Task description>
I would like the lines below, from the one with "The Dirt King" through the one with "一图读懂 | 国庆中秋假期1634.3万人次出入境", copied exactly and without any pictures.

Given records>
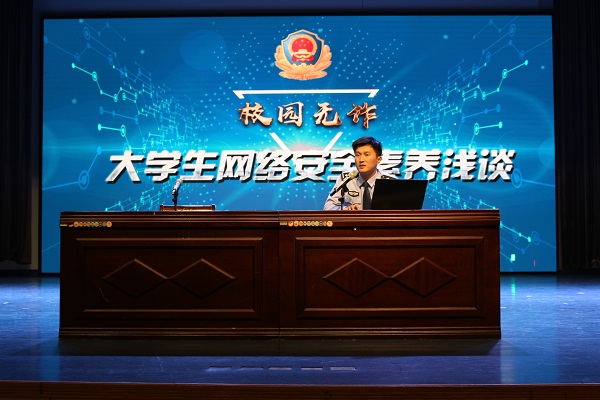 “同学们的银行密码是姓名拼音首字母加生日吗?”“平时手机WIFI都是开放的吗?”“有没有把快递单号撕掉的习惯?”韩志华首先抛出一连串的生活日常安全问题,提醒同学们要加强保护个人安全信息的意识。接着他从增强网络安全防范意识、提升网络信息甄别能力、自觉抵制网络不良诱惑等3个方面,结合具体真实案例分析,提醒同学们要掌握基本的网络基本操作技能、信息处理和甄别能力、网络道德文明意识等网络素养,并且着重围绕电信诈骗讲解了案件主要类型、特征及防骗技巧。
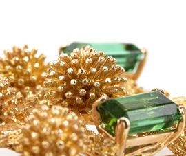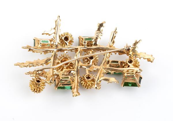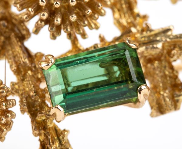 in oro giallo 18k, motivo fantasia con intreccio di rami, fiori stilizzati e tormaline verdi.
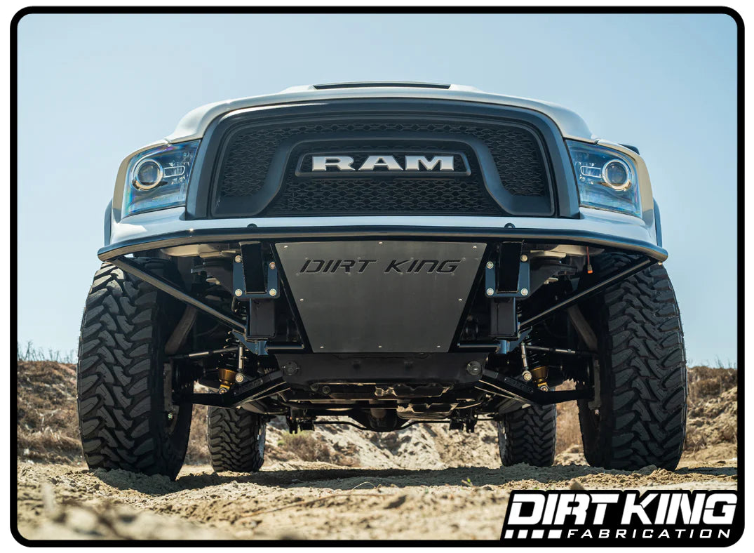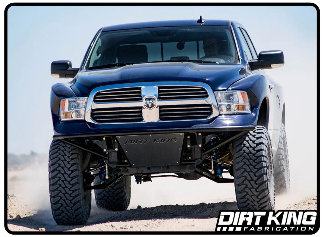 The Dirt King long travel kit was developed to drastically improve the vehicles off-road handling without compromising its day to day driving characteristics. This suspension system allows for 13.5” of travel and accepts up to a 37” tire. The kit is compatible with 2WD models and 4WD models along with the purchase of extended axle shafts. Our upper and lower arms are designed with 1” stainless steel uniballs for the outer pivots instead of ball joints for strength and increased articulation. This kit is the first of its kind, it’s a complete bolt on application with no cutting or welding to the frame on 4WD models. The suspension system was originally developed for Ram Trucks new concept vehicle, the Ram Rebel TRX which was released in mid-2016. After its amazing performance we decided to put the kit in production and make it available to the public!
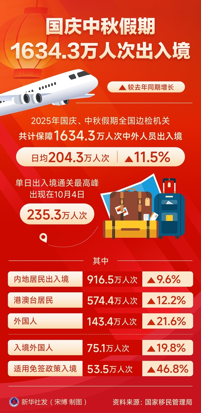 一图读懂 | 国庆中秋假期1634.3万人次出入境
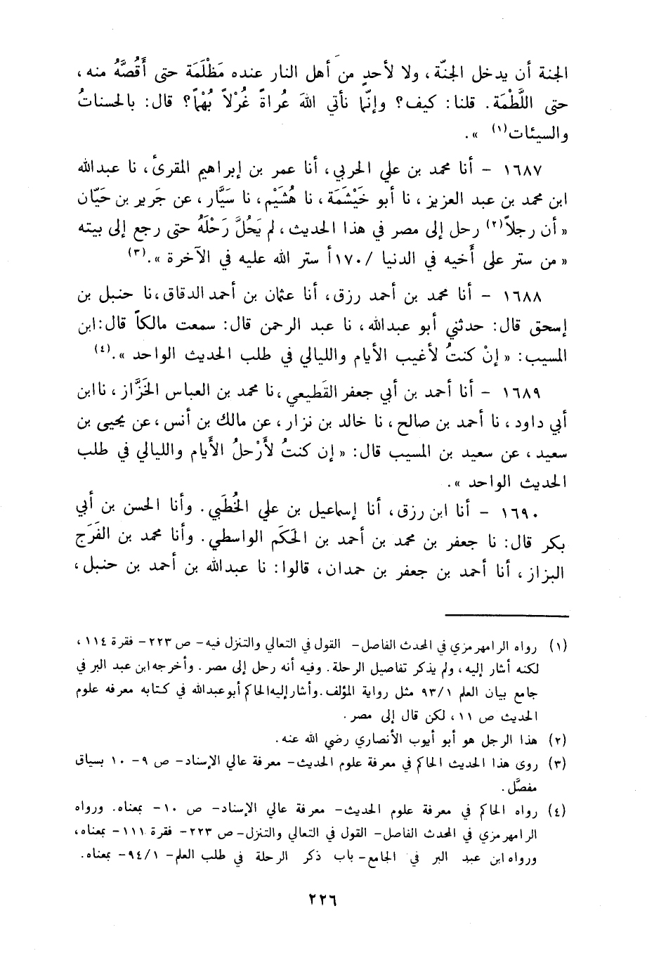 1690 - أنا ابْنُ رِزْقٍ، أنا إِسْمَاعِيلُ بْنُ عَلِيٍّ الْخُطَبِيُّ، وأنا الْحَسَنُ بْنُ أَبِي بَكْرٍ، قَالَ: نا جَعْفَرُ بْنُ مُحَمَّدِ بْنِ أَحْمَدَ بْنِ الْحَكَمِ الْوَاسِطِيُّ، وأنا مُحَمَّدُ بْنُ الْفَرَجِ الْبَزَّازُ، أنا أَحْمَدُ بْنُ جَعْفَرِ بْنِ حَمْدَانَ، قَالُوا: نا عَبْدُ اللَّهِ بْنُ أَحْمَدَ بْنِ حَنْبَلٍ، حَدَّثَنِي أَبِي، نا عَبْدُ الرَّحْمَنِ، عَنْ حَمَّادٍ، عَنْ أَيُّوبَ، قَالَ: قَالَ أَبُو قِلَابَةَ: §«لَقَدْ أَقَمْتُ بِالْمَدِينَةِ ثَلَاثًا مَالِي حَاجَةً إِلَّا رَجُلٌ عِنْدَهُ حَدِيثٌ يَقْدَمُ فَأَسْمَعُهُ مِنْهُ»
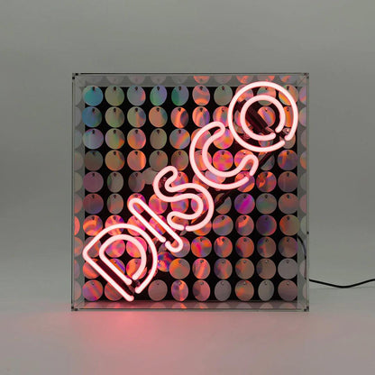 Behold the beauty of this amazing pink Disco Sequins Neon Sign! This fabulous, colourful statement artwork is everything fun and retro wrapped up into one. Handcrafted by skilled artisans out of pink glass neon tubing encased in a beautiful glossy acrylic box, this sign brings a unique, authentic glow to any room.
---
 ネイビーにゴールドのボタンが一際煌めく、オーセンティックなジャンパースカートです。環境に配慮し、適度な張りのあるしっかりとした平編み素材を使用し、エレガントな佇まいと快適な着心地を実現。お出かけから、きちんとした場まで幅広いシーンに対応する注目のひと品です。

Task solution>
 The Dirt King long travel kit was developed to drastically improve the vehicles off-road handling without compromising its day to day driving characteristics. This suspension system allows for 13.5” of travel and accepts up to a 37” tire. The kit is compatible with 2WD models and 4WD models along with the purchase of extended axle shafts. Our upper and lower arms are designed with 1” stainless steel uniballs for the outer pivots instead of ball joints for strength and increased articulation. This kit is the first of its kind, it’s a complete bolt on application with no cutting or welding to the frame on 4WD models. The suspension system was originally developed for Ram Trucks new concept vehicle, the Ram Rebel TRX which was released in mid-2016. After its amazing performance we decided to put the kit in production and make it available to the public!
 一图读懂 | 国庆中秋假期1634.3万人次出入境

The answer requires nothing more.